November 5, 2013
For the most part, I believe we have all had an ‘enlightening’ moment in our lives — a time where our little light bulb turns on — when we just sort of ‘get it’ — and that moment for me was yesterday. Since I started my photography business almost 1 year ago (9 days and counting until I hit that 1 year mark, woohoo!), I have invested a lot of time, energy and money into mentoring sessions and learning as much as I possibly can about this industry, building a successful business out of it, learning how to shoot all different ways, etc. I believe that no matter WHAT industry you choose to be in, education is the most important thing and if you’re not constantly learning, you’re doing yourself and all of your clients a huge injustice!
I remember my first mentoring session I ever did — and I wont name any names of who the photographer was that I sat down with and tried “learning” from, because I’m not a ‘throw you under the bus’ type of gal! BUT… it was the most discouraging moment of my photography career. I left my corporate job as an Account Executive making a really good living to pursue my passion and love for photography and it was a HUGE leap of faith for me. I prayed, hoped, wished, BEGGED for the net to appear to catch me and for the most part — it has! I came home after this mentoring session and cried to my husband. I told him I had made a huge mistake by choosing photography and he asked me why I suddenly felt this way. From what this photographer had told me during my mentoring session, I sucked, had no place in this industry, didn’t know what I was doing, and if people hired me, they obviously didn’t value photography. I was SO hurt and I felt that because this photographer had been in the industry for a long time and was successful in my eyes, that they were right. How STUPID of me to believe them!! I remember my husband telling me that this person was wrong and that I DO know what I’m doing and that I am a great photographer. Lord have mercy if it weren’t for that amazing man I married, I may have quit right there…but he continues to push me and encourage me in this dream I have of being a Wedding Photographer and for that, I am one extremely blessed lady!
After my husband picked me up from being a crying mess, I knew I had to prove this other photog wrong! I had to prove that I DO know what I’m doing, that I DO love this industry and who are you to tell me I can’t do something?! I have NEVER failed at anything I’ve ever put my mind to — literally never — and I wasn’t going to start with something I loved and was SO passionate about.
Now since that first mentoring session, I have done a few others, all with different photographers that I adore all for different reasons. My most recent one was yesterday with Amanda Hedgepeth of Amanda Hedgepeth Photography. I can NOT explain how happy I am that I chose her as a mentor. I got to her house, we shot outdoors for a few minutes, then went in and talked for hours and hours about photography, building a successful business, running my business as a new mommy (Aubree is due any day now), etc.
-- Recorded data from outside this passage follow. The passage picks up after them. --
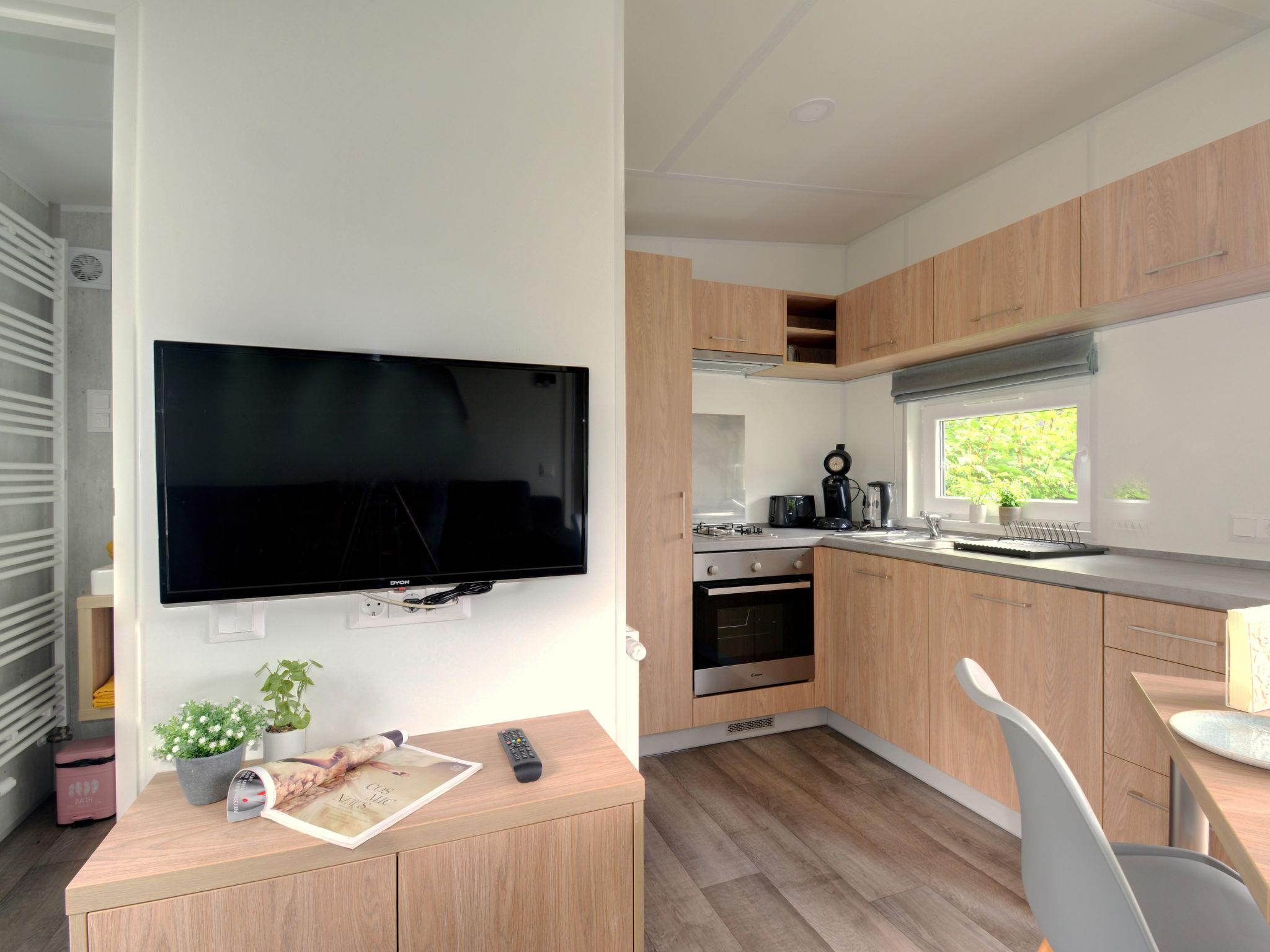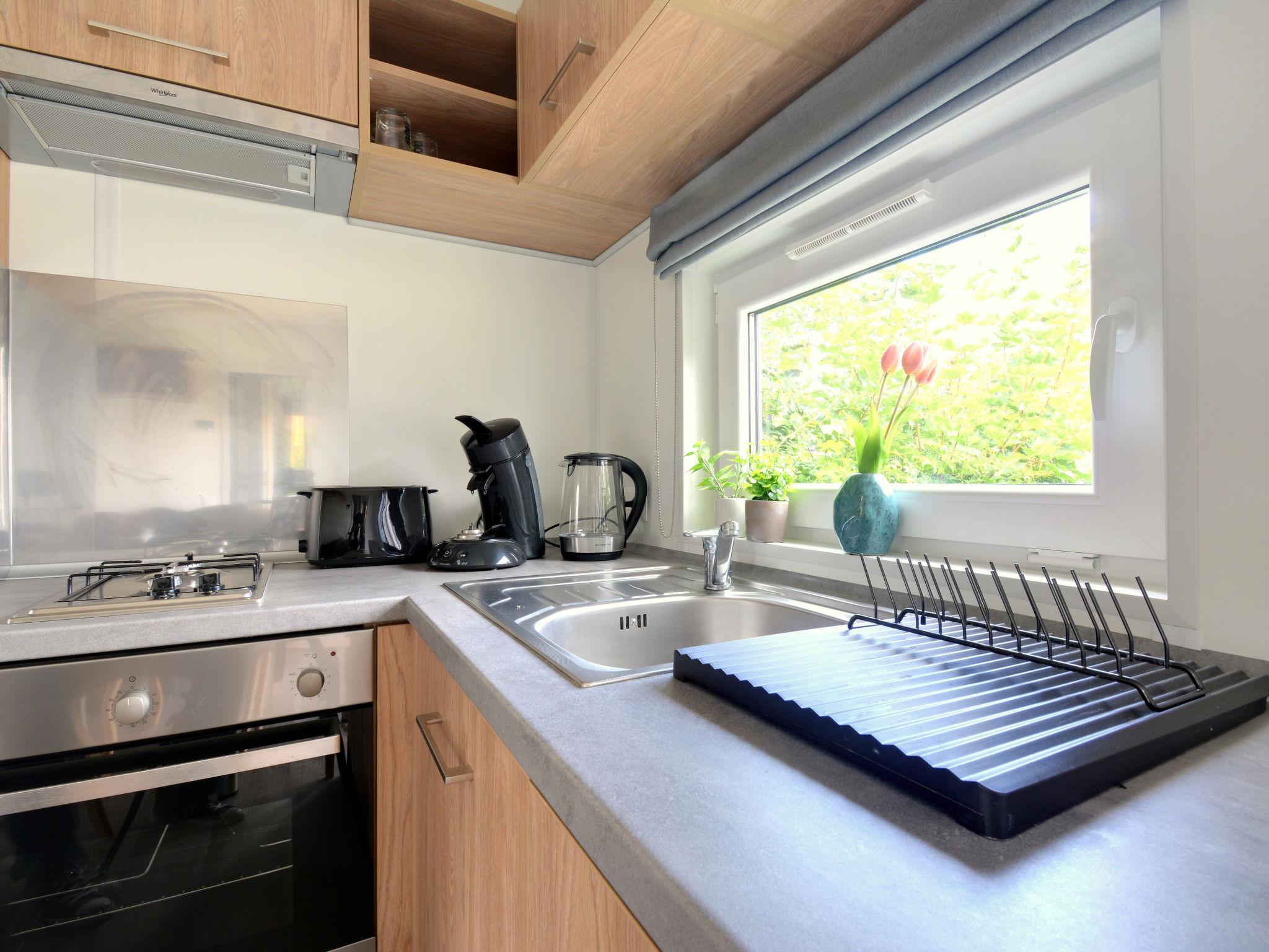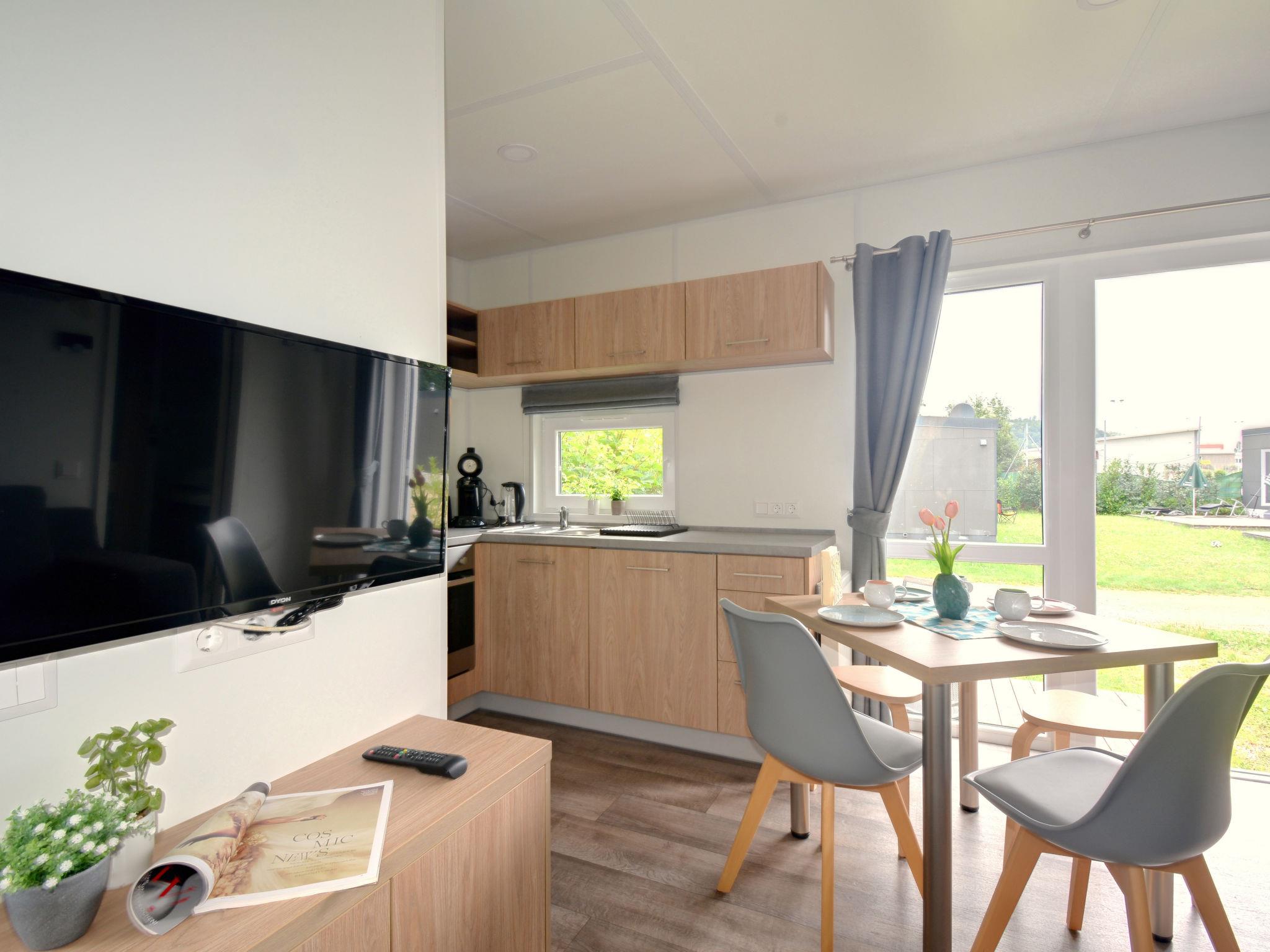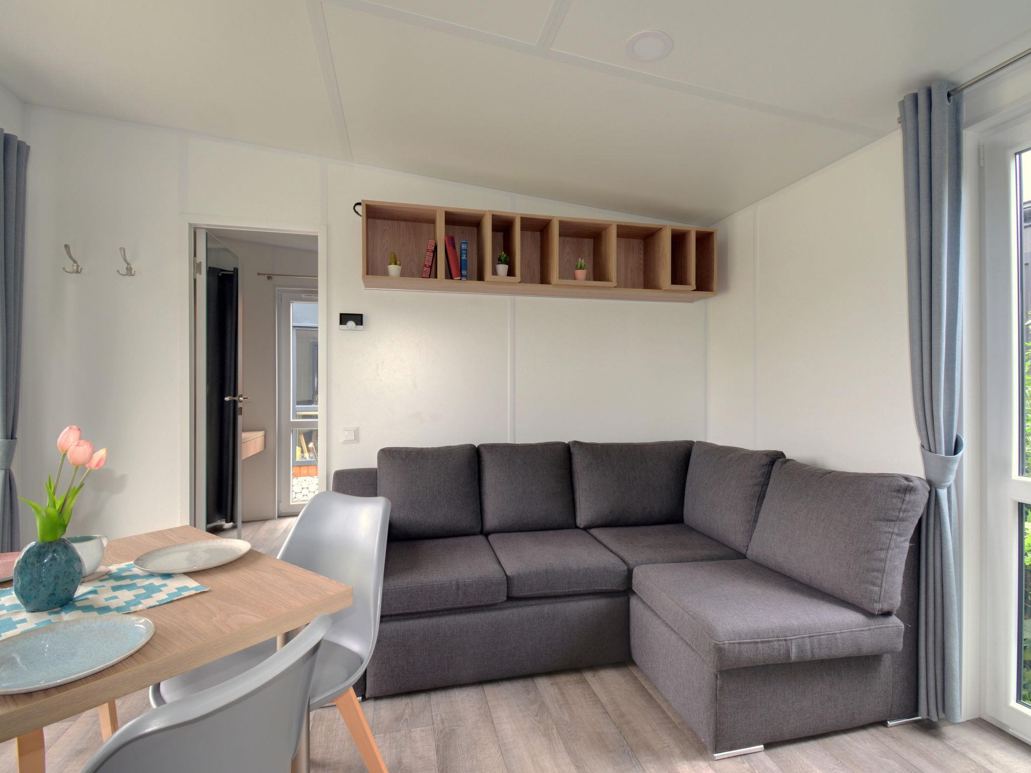"Tiny Haus Sunny", 2-Zimmer-Mobilheim 25 m2. Objekt geeignet für 2 Erwachsene + 2 Kinder. Gemütlich eingerichtet: Wohn-/Schlafzimmer mit 1 Diwanbett (120 cm, Länge 170 cm), Sat-TV. 1 Zimmer mit 1 franz. Bett (140 cm, Länge 200 cm). Offene Küche (Backofen, Gasherd, 2 Flammen, Wasserkocher, elektrische Kaffeemaschine). Dusche/WC. G-Heizung. Kleine Terrasse. Terrassenmöbel. Parkplatz in 50 m. Bitte beachten: Nichtraucher-Haus. Maximal 1 Haustier/Hund erlaubt.
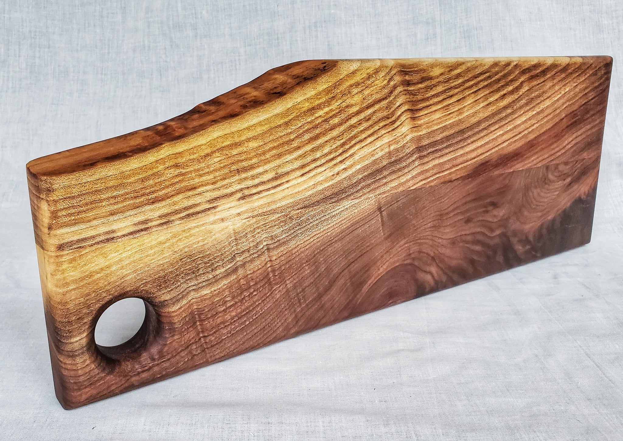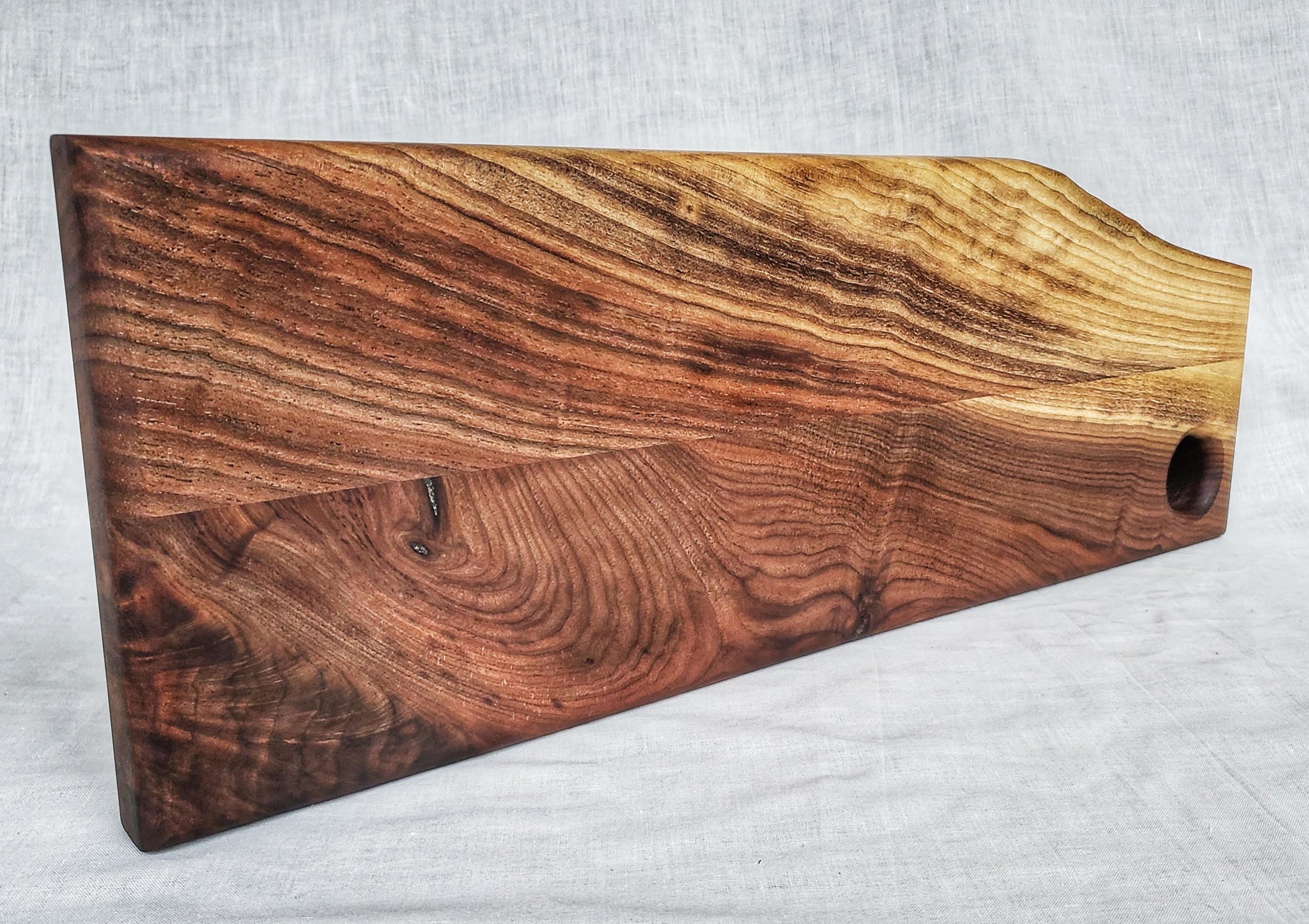 Constructed from solid Walnut it has a small live edge giving this cutting board its own unique style. The edges have been rounded over to give the board a smooth, comfortable in hand feel.
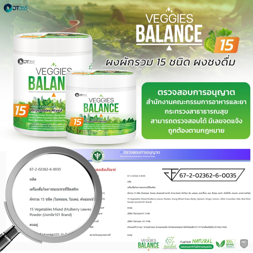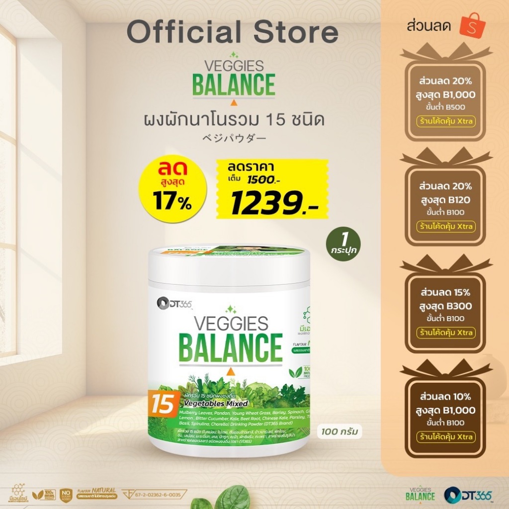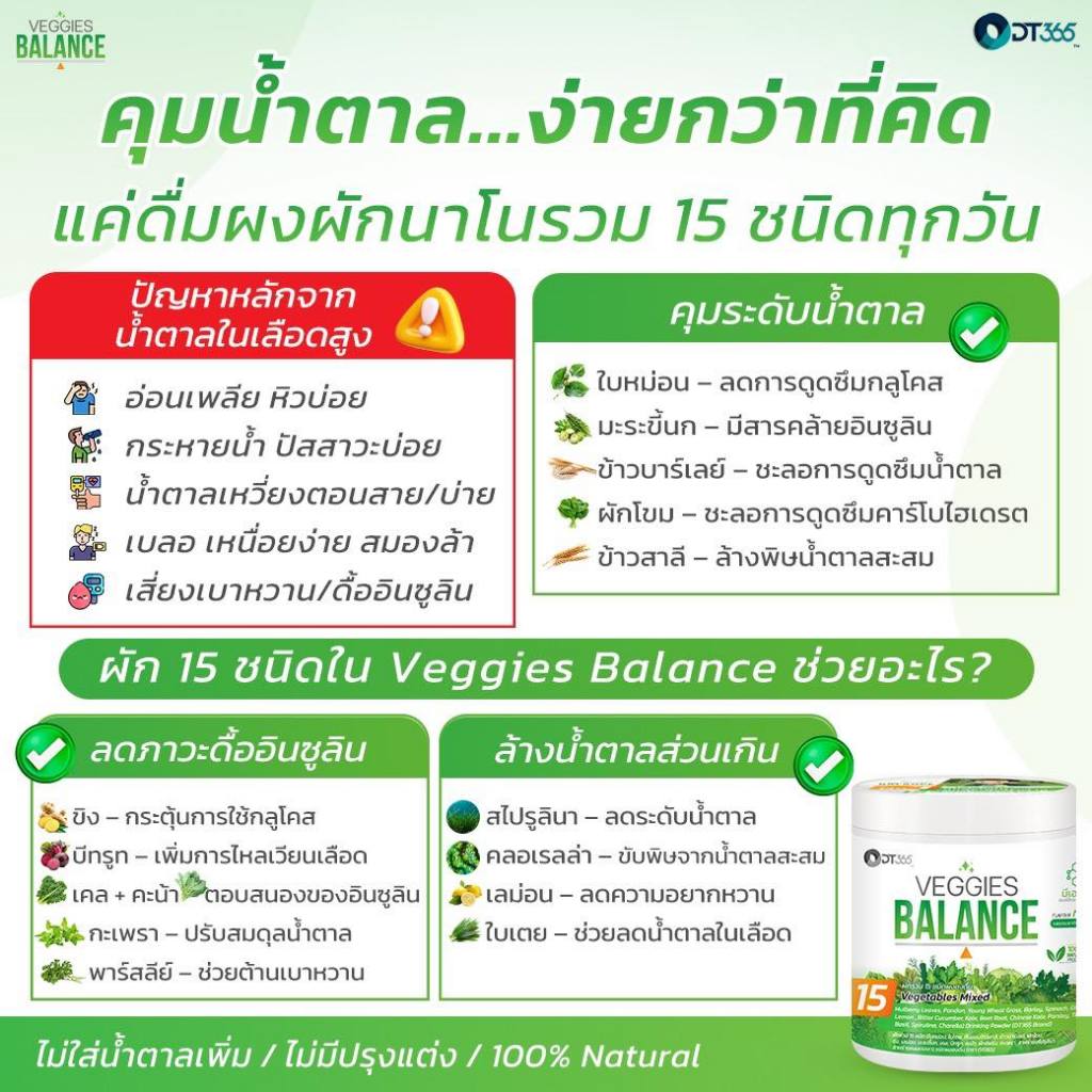 ผงผัก เวจจี้ บาลานซ์ ผักรวม 15 ชนิด เพื่อการดูแลระดับน้ำตาลในเลือด 100 กรัม
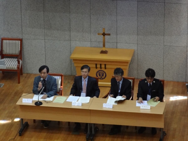 한국기독교교회협의회 선교훈련원은 지난 8일, 연세대와 망원한강공원에서 <제4회 에큐메니칼 신대원연합 학술제와 체육대회>를 열었다. 에큐메니칼 신대원연합 학술제와 체육대회는 다양한 교단의 신학생들이 매년 가을 서로의 신학을 이해하고 신학적 소양을 고양하며, 운동을 통해 서로 교제하는 에큐메니칼 신학생 잔치로, 지난 3년 동안 "사회적 성화"를 주제로, "칼빈의 사회적 성화"(2009, 장신대), "웨슬리의 사회적 성화"(2010, 감신대), "사회적 영성과 민중신학"(2011, 한신대) 등을 진행했으며, 올해로 4회째를 맞고 있다. "신학과 미학"을 주제로 한 이번 학술제에는 장신대와 감신대, 한신대, 성공회대, 구세군사관학교, 연세대 연신원 등 총 6개 신학대학원에서 학생 200여명이 참석했다. ![]() ▲ 학술제 주제발표, 왼쪽부터 강성영 신대원장(한신대), 심광섭 교수(감신대), 이정구 총장(성공회대), 최철호(구세군사관학교) 감신대 심광섭 교수(예술신학)는 "놀이에 대한 신학적 미학"을 주제로 한 발표에서, "세상은 교회를 불신하고 교회는 점점 세상의 상품화된 놀이들로 넘쳐나고 있다"며 "신학이 세상과 교회에 영향을 끼치지 못하고 허덕이는 이 때 '놀이의 신학'이 활기 넘치는 새로운 신학적 담론의 방식이 되길 기대한다"고 말했다. 연세대 손호현 교수(문화신학)도 발표에서 '흥'의 본질은 물상화, 고착화될 수 없는 관계성의 춤추기에 있다며, 기독교 공동체가 신학의 흥겨움을 회복하고, 마치 춤이 물리적인 중력의 힘에 저항하며 상승의 몸짓을 하듯, 흥의 신학도 정신의 무거움에 저항하여 창조적인 놀이를 춤추어야 한다고 강조했다. 이날 논찬에는 성공회대 이정구 총장과 서울신대 황덕형 교수가 참여했으며, 학생 논찬자로는 구세군사관학교 최철호 학생과 한신대 김영수 학생이 함께 했다. 오후에는 망원한강공원에 모여 각종 구기종목으로 체육대회를 진행했으며, 작년에 장신대가 우승을 차지한데 이어 올해는 감신대가 종합 우승을 차지했다. 선교훈련원과 함께 행사를 진행한 연세대 연합신학대학원 문수경 회장은 "에큐메니칼 신학생들이 공동 기획단을 꾸려 함께 준비한 행사여서 더욱 뜻 깊었다"며 "한국교회의 건강한 미래 리더십으로 자리매김하기를 바란다"고 말했다. ![]() ▲ 성공회대학교 학생들의 전례음악 시연 모습 ![]() ▲ 한신대학교 학생들의 풍물패 공연 모습 한편, 내년 제5회 에큐메니칼 학술제와 체육대회는 구세군사관학교에서 개최할 예정이다. 자료집 다운로드 ▶ 제4회 에큐메니칼 신대원연합 학술제와 체육대회 자료집 |
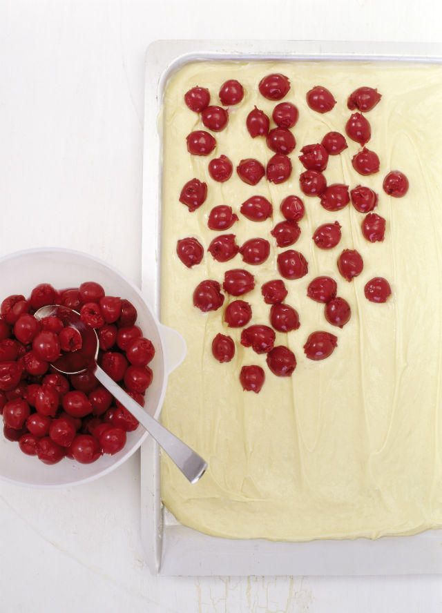 Etapă 5: Cu această budincă umplem mintartele. Deasupra repartizăm cireșele pe care le scoatem înainte din sirop și le lăsăm puțin să se scurgă.
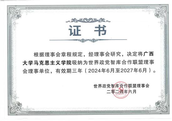 世界政党智库合作联盟理事单位证书。米兰电竞 ,传承竞技之魂,开启电竞新篇马克思主义学院供图
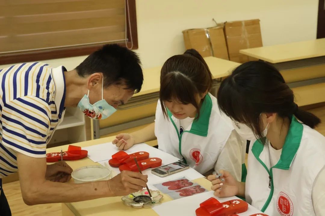 为传承中华优秀传统文化、品味非物质文化遗产的魅力,坚持文化润人,提高青年大学生文化素养,2023年5月18日下午2:30我院于莞城校区莞思活动室开展“体验红漆描花木屐,传播中华传统技艺”活动。此次活动特邀请东莞市非物质文化遗产项目代表性传承人梁锦泉老师现场指导同学们进行“红漆描花传统木屐制作技艺”体验活动。

When I left her house I felt as if I had breathed fresh, new, ALIVE air into my lungs. Holy cow, THAT WAS WHAT I NEEDED! This is the ‘moment’ I’ve been looking for since I started almost a year ago! I told Amanda before I left that I wished I had met her when I first started and would’ve done anything to have mentored with her FIRST instead of the other photog. But– everything happens for a reason! :)
Amanda reiterated a few things to me that deep down I already knew, but felt SO GOOD to hear from a photographer I look up to in so many ways. I am so thankful for my time with her yesterday — she is so fun (we laughed a LOT), real, free spirited, NICE, and so very helpful. Leaving her house yesterday and going home to tell my husband all about my new ideas/plans for JTP felt wonderful. I feel so inspired, motivated and rejuvenated!! I may not be anywhere near my goals for JTP yet, but I’m getting there. I’m moving in the right direction. I have clients that love me and that I love back because they allow me to do what I love. I DO have a place in this industry and never again will I allow anyone tell me I don’t. Nor will I ever let anyone else hurt my feelings or discourage me. Everyone is unique with what they do and creative in their own right. My photography is a reflection of who I am and a reflection of my style and creativity. That’s the beauty of photography… there are no rules. I get to make beautiful images that make people so happy — hello dream job!
I have no regrets about making photography my career. I in no way will ever look back and think that I was wrong in leaving my corporate job to fulfill my dream. My net has appeared…and I am beyond happy, thrilled, BLESSED! So thank you to photographer #1 that discouraged me — you made me want to fight for this. Thank you to every photographer inbetween that has taken the time to help teach me and help me grow. And a huge thank you to Amanda for inspiring & motivating me. I can’t wait to see what 2014 brings to JTP… xoxo!
PS: If you’re a photographer that’s just starting out and you have questions, please do not ever hesitate coming to me! I will help guide you in the right direction & will never discourage you. If you have it in your heart that this is what you want to do, do it.